▸ Task
An exact copy is all that is wanted: the lines from the one with "UML Model-Based Energy" through the end of the listing below, both included, minus any pictures.

▸ Data block
______________________________
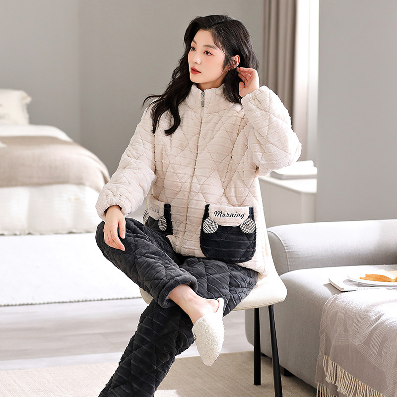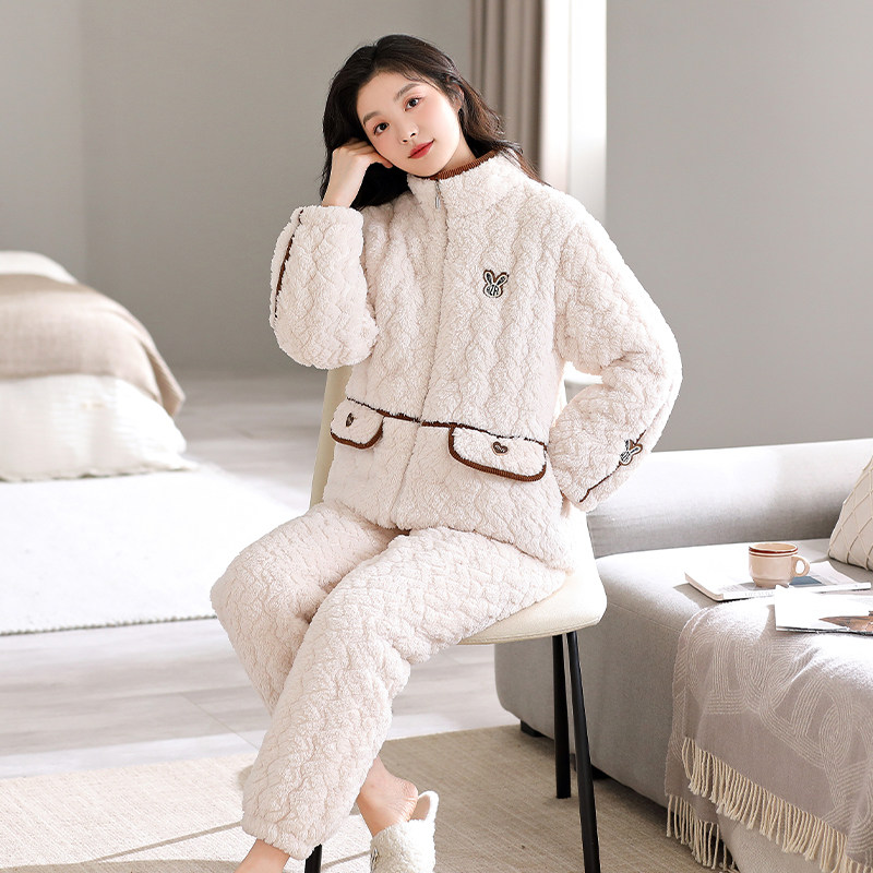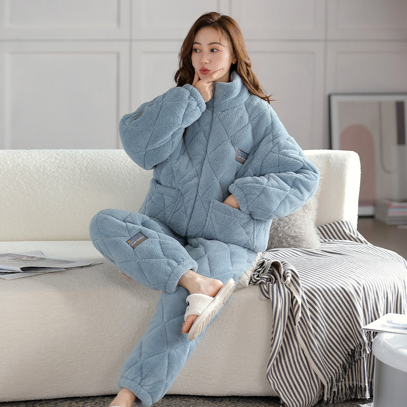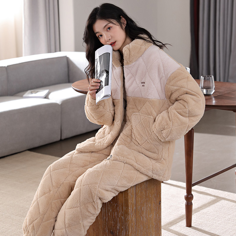 婷美珊瑚绒睡衣女秋冬款加绒加厚三层夹棉袄冬季可外穿家居服套装
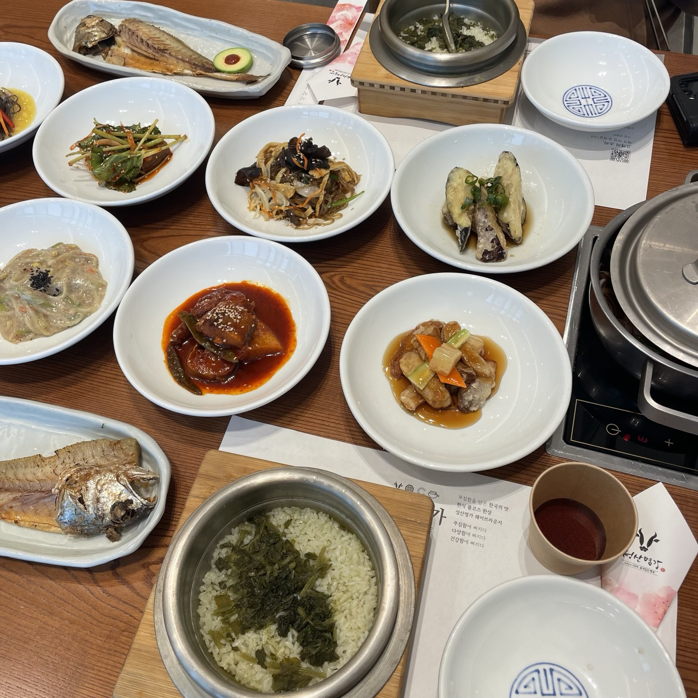 솥밥과 인당 생선구이 하나씩, 불고기 전골이 같이 나오고 반찬류도 다양하였습니다.
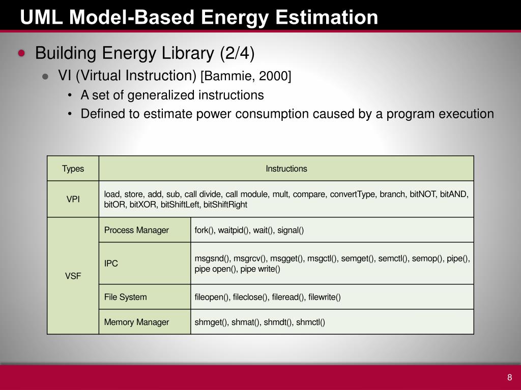 UML Model-Based Energy Estimation • Building Energy Library (2/4) • VI (Virtual Instruction) [Bammie, 2000] • A set of generalized instructions • Defined to estimate power consumption caused by a program execution
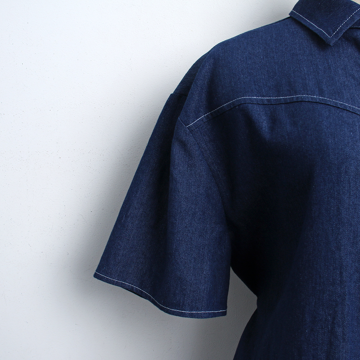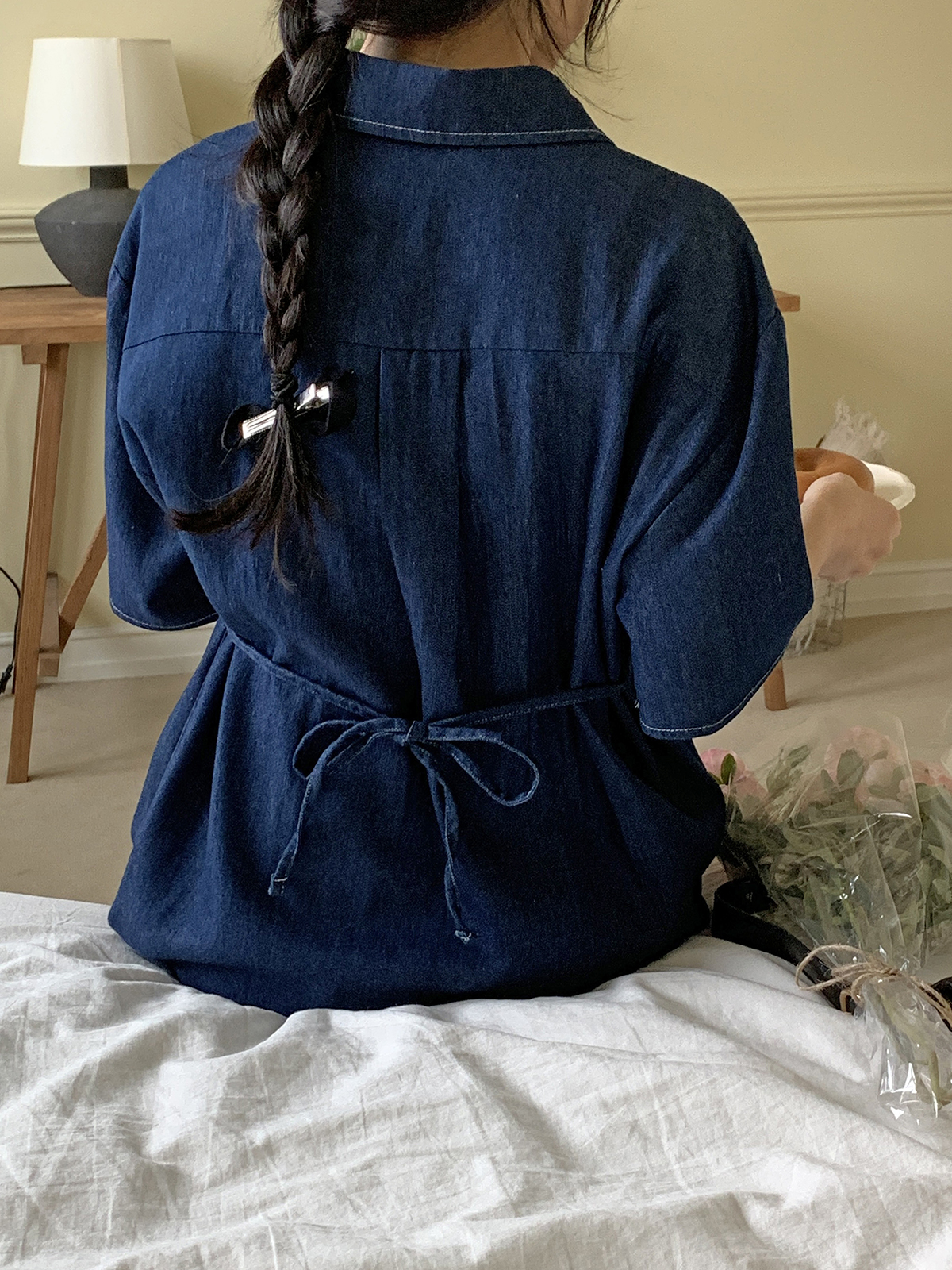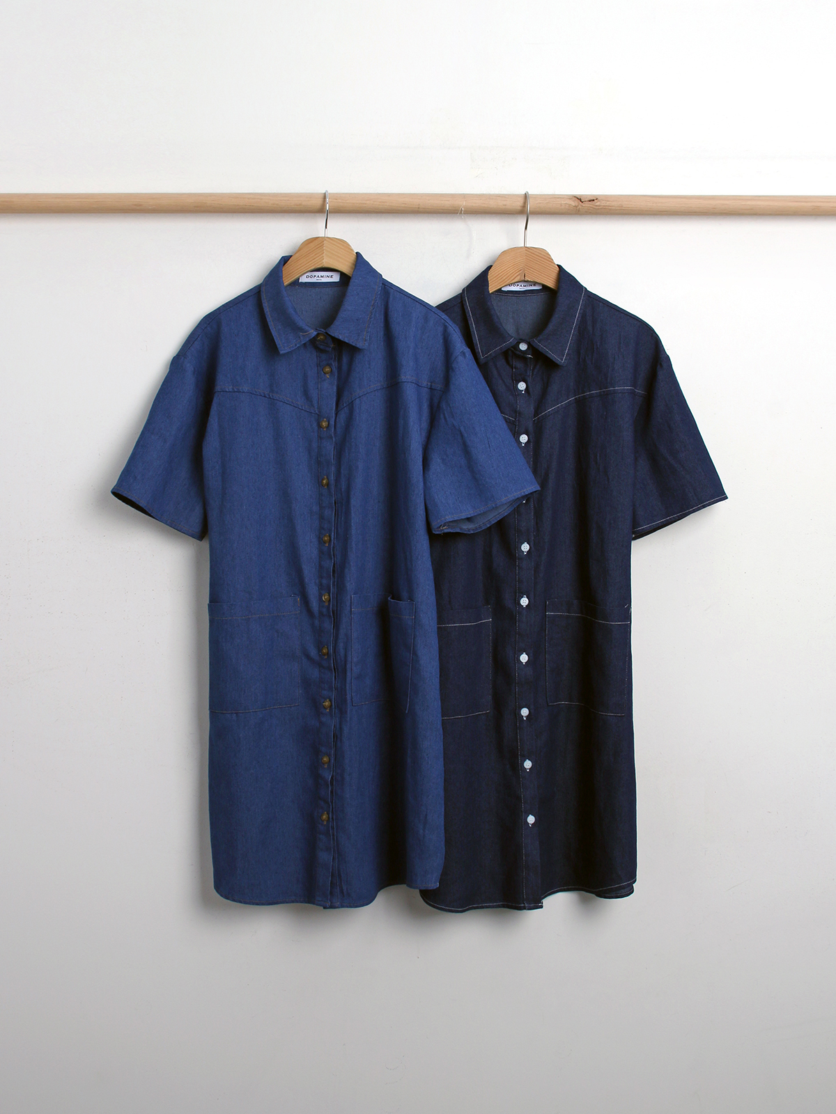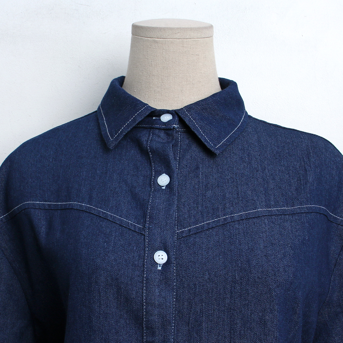 카라넥으로 넥라인을 터주어 페미닌하게 연출하며 데님 원단에 스티치 포인트가 스타일리쉬하고,
______________________________
▸ Problem solution
 UML Model-Based Energy Estimation • Building Energy Library (2/4) • VI (Virtual Instruction) [Bammie, 2000] • A set of generalized instructions • Defined to estimate power consumption caused by a program execution
 카라넥으로 넥라인을 터주어 페미닌하게 연출하며 데님 원단에 스티치 포인트가 스타일리쉬하고,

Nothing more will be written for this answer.